Guarda florestal Adamson (3º lugar / Analógico / Filme / Retrato)
Fotografado acima, está o guarda Adamson, da Serva Conservancy. Ele dedicou sua vida a proteger a vida selvagem do norte do Quênia, dissipando o conflito homem-vida selvagem e arriscando sua vida lutando contra caçadores ilegais. Ele é apenas um dos muitos que desejam proteger a vida selvagem da África da extinção.

Não sei quem sou, apenas de onde venho (1º lugar / Analógico / Filme / Outro)
"Este é um projeto de documentário sobre o crescimento em uma pequena comunidade, em uma ilha na costa oeste da Noruega.
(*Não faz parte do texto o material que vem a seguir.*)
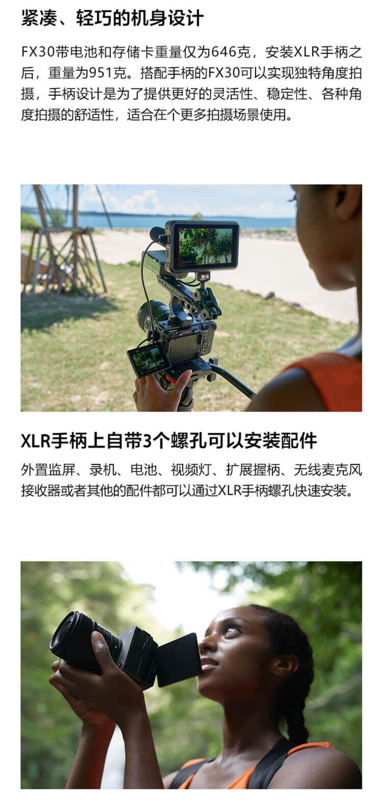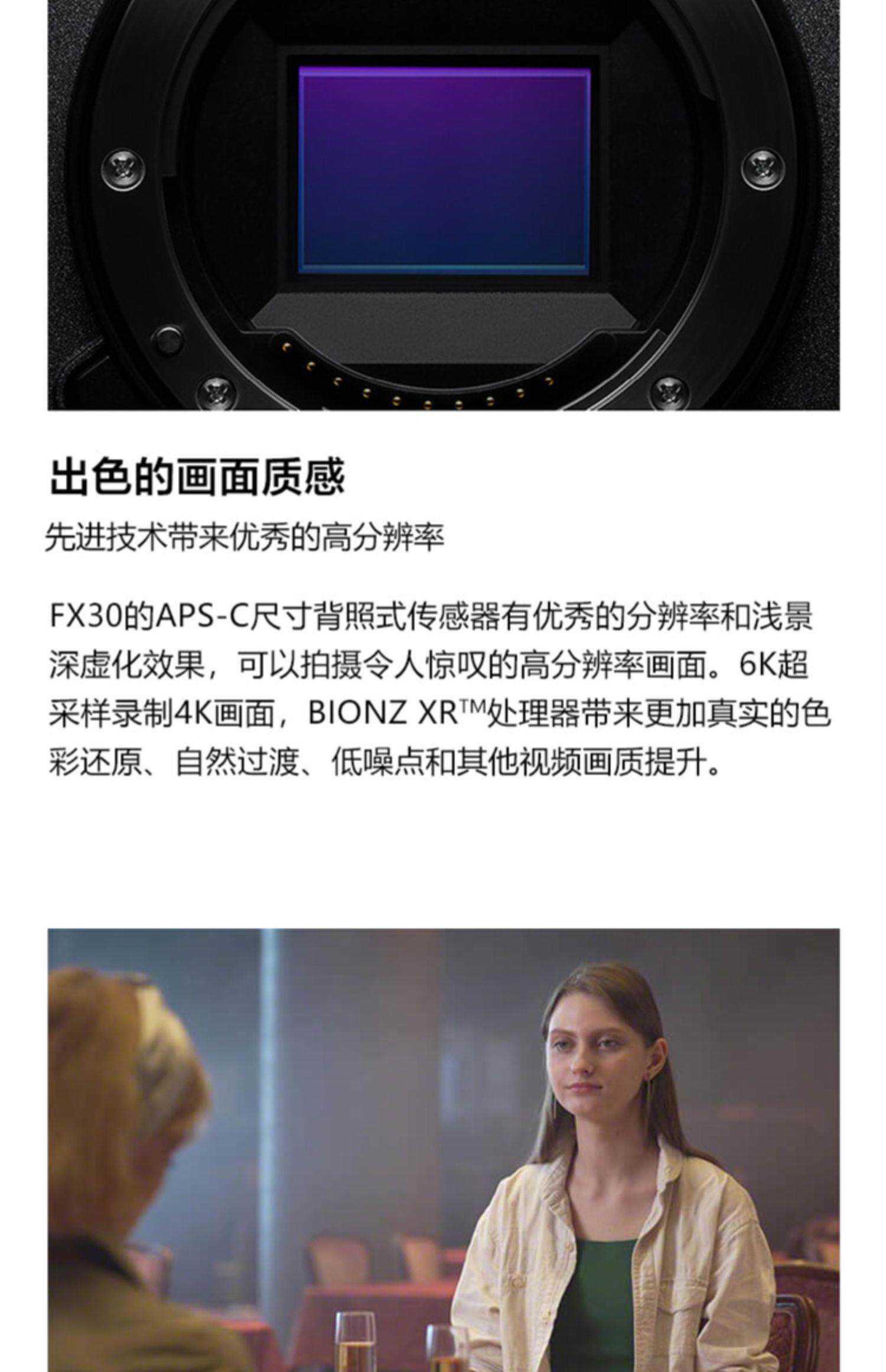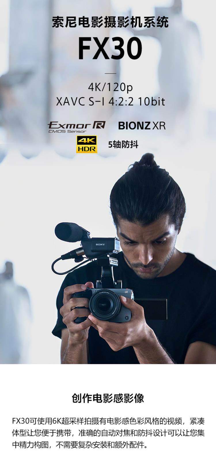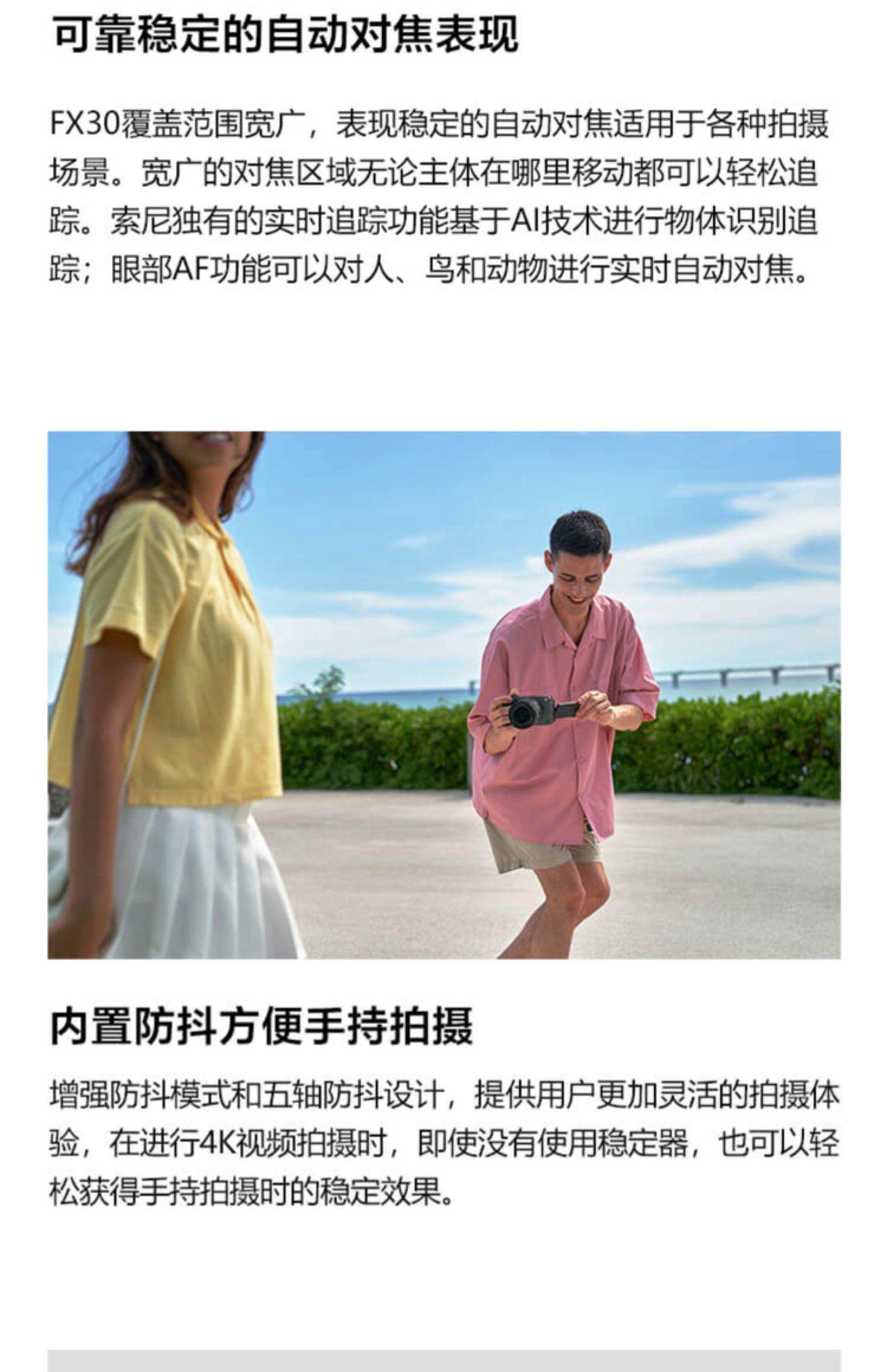 FX30可使用6K超采样拍摄有电影感色彩风格的视频,紧凑体型让您便于携带,准确的自动对焦和防抖设计可以让您集中精力构图,不需要复杂安装和额外配件。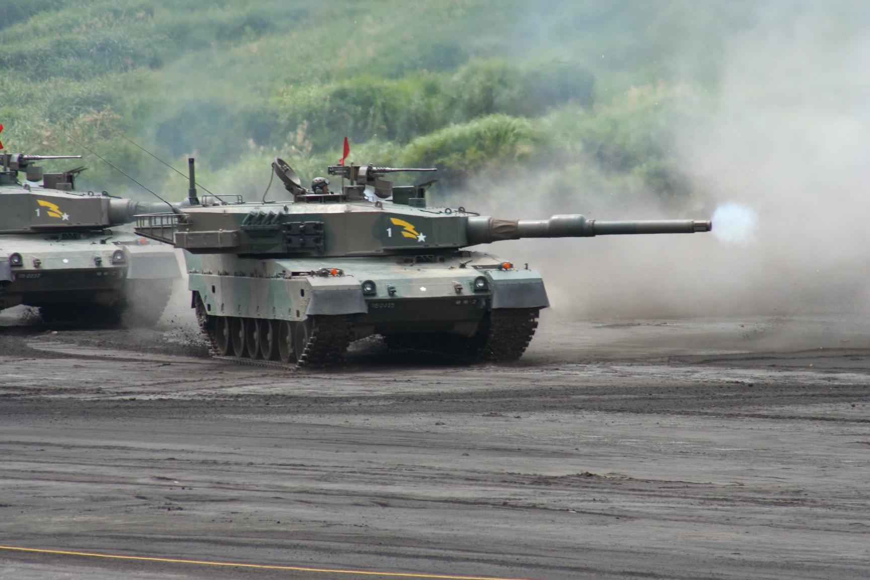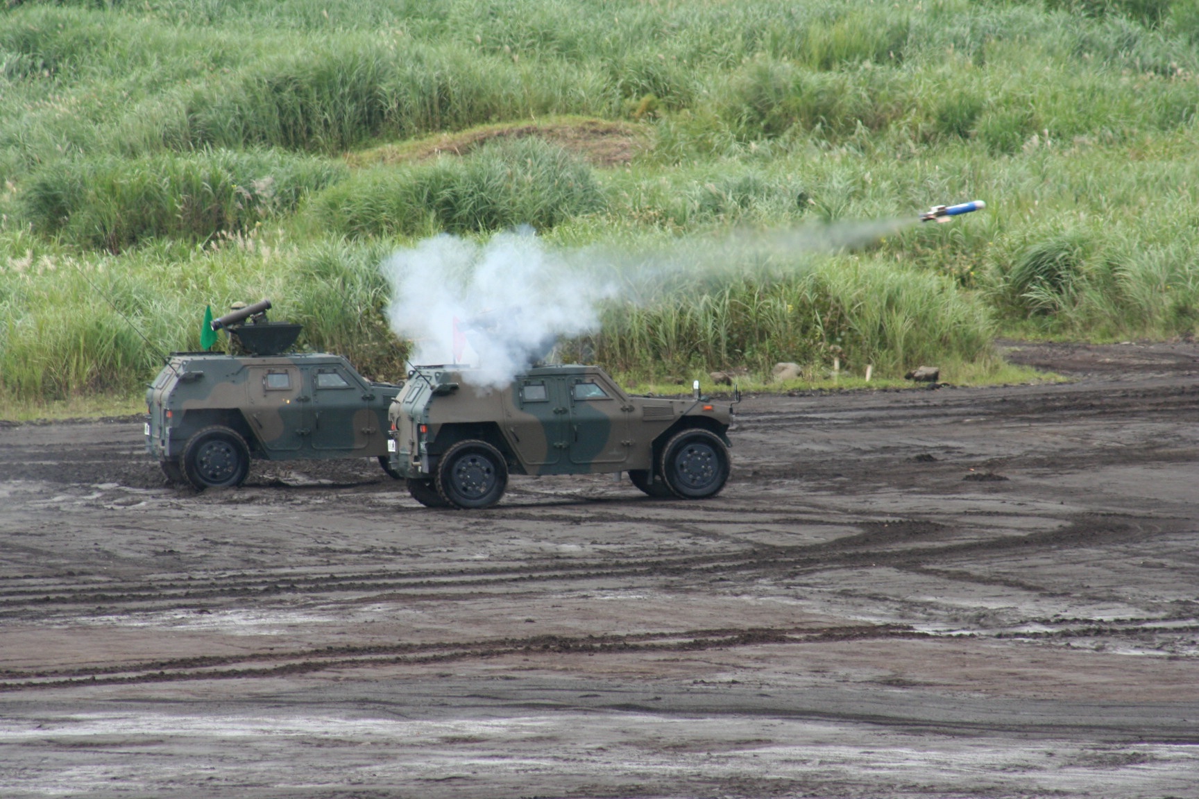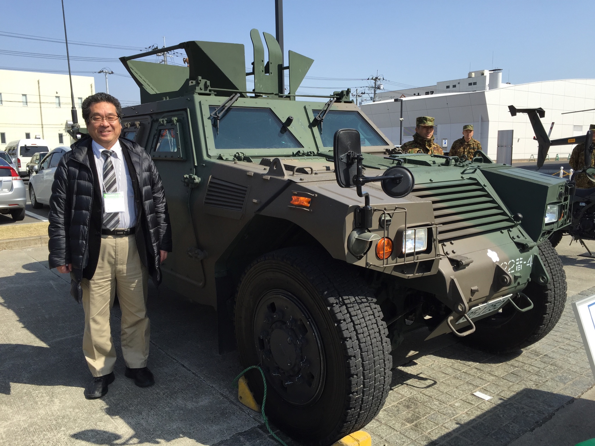 | 自衛隊の兵器、車両にも興味あり | 2015年、仙台の国際防災産業展で展示の請負仕事をしていたら、自衛隊も展示してました。この軽装甲機動車が好きなんです。 | 2006年の総合火力演習。ほんの数百m先で90戦車の実弾。空圧がドン、それから光と音。おトロしい。 | 01式軽対戦車誘導弾。 | トヨタ 自衛隊ロケット車。 |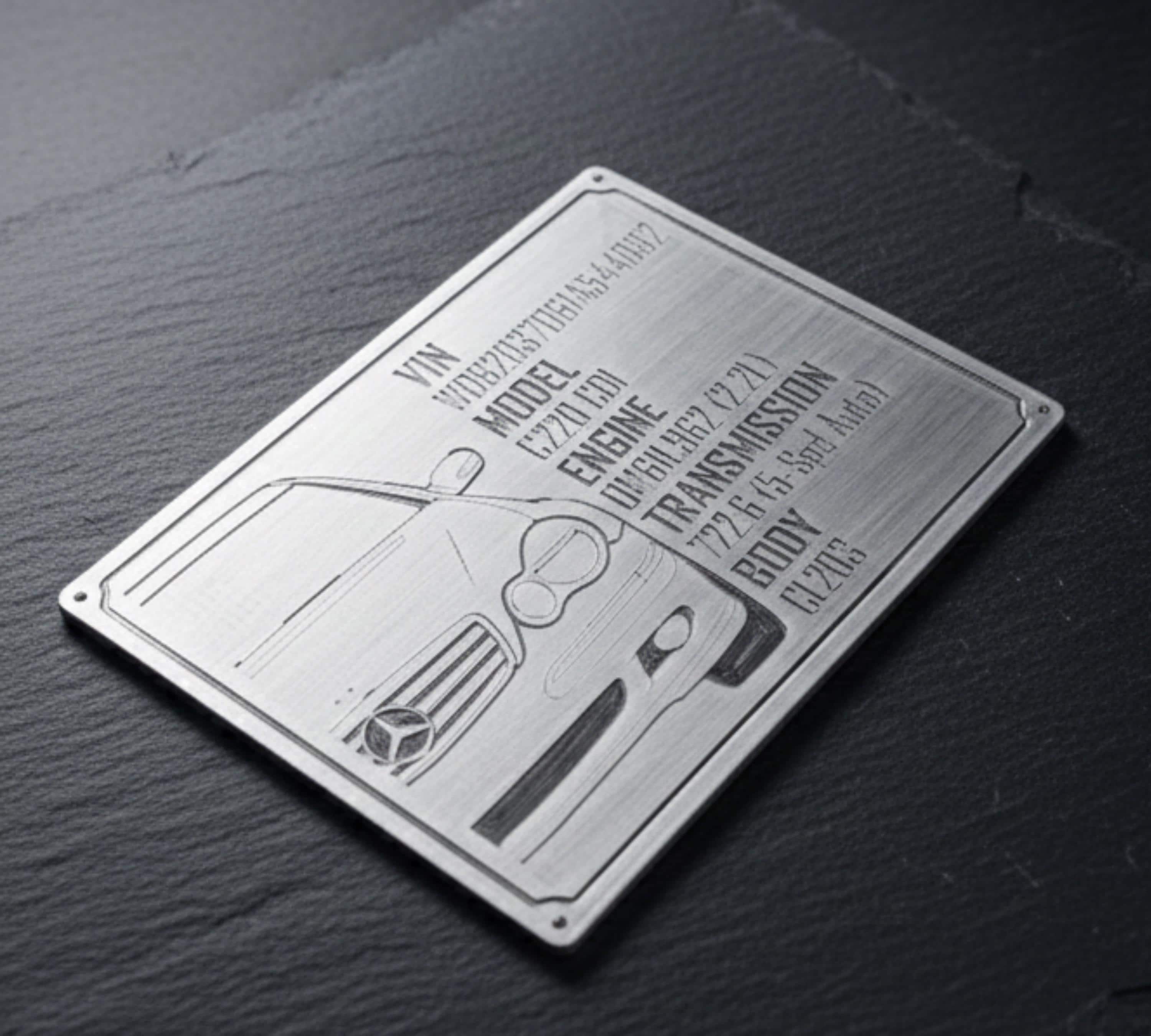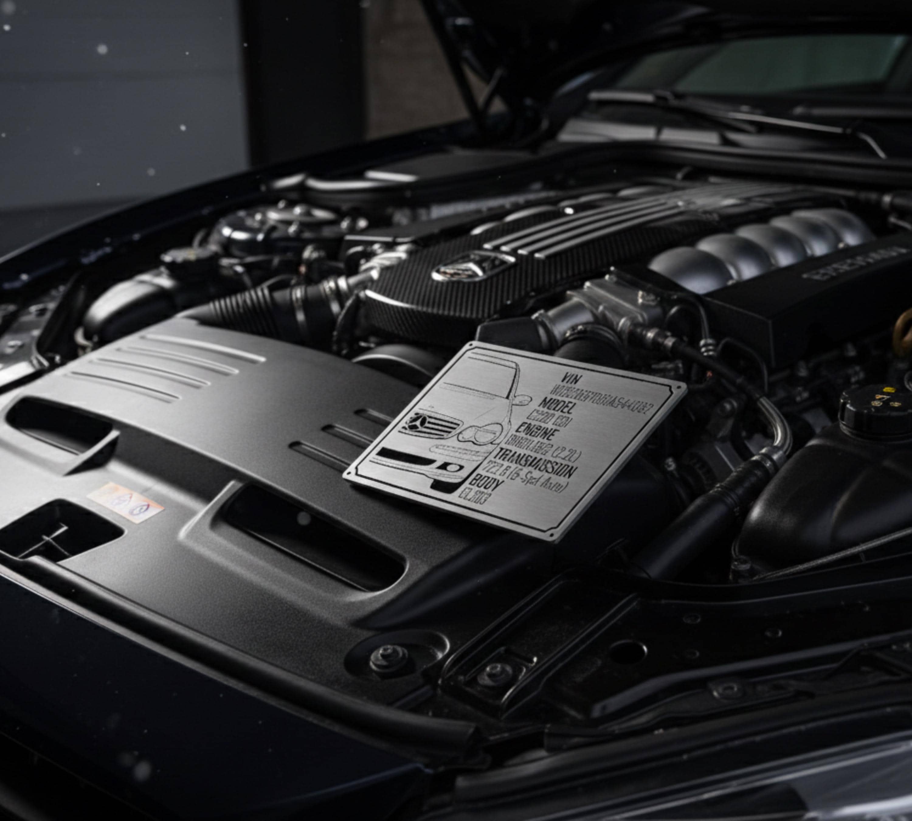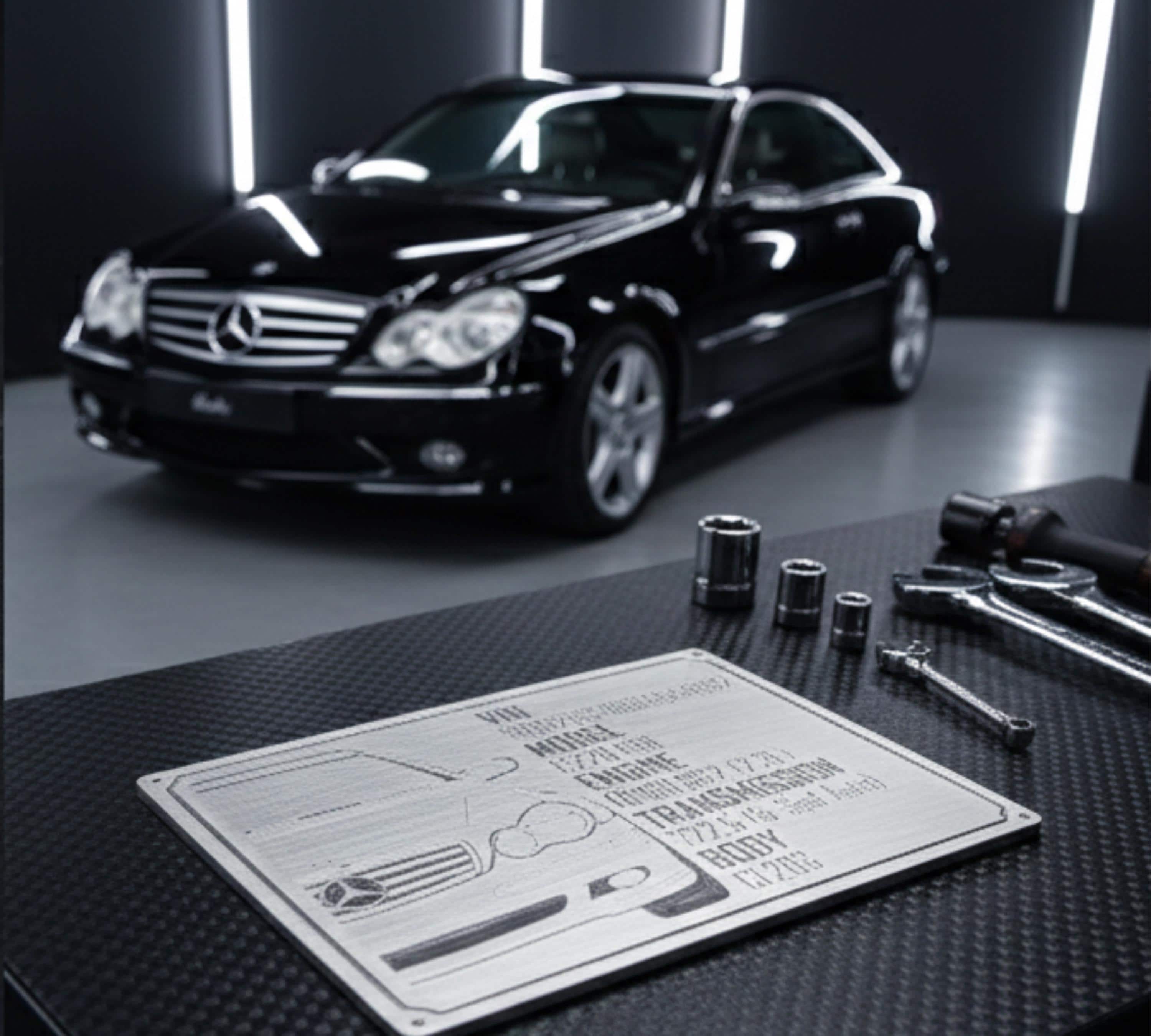 Custom Engraved Billet Aluminum Car Spec Plate for engine bays. Precision CNC machined 200x150mm data plaque for show cars. The ultimate personalized gift for BMW, MERCEDES, Audi, and car enthusiasts.

É também sobre uma garota que acabou se mudando, desesperada para se distanciar do lugar onde nasceu e foi criada. Mas mais do que qualquer coisa, é uma jornada pessoal de voltar, depois de anos de terapia e de morar no exterior, tentando olhar o lugar com novos olhos - sem reprimir as lembranças ruins. Esta é minha tentativa de abraçar o fato inevitável de que algumas coisas serão para sempre conectado. Talvez eu nunca saiba quem eu realmente sou. Mas definitivamente é daqui de onde eu venho."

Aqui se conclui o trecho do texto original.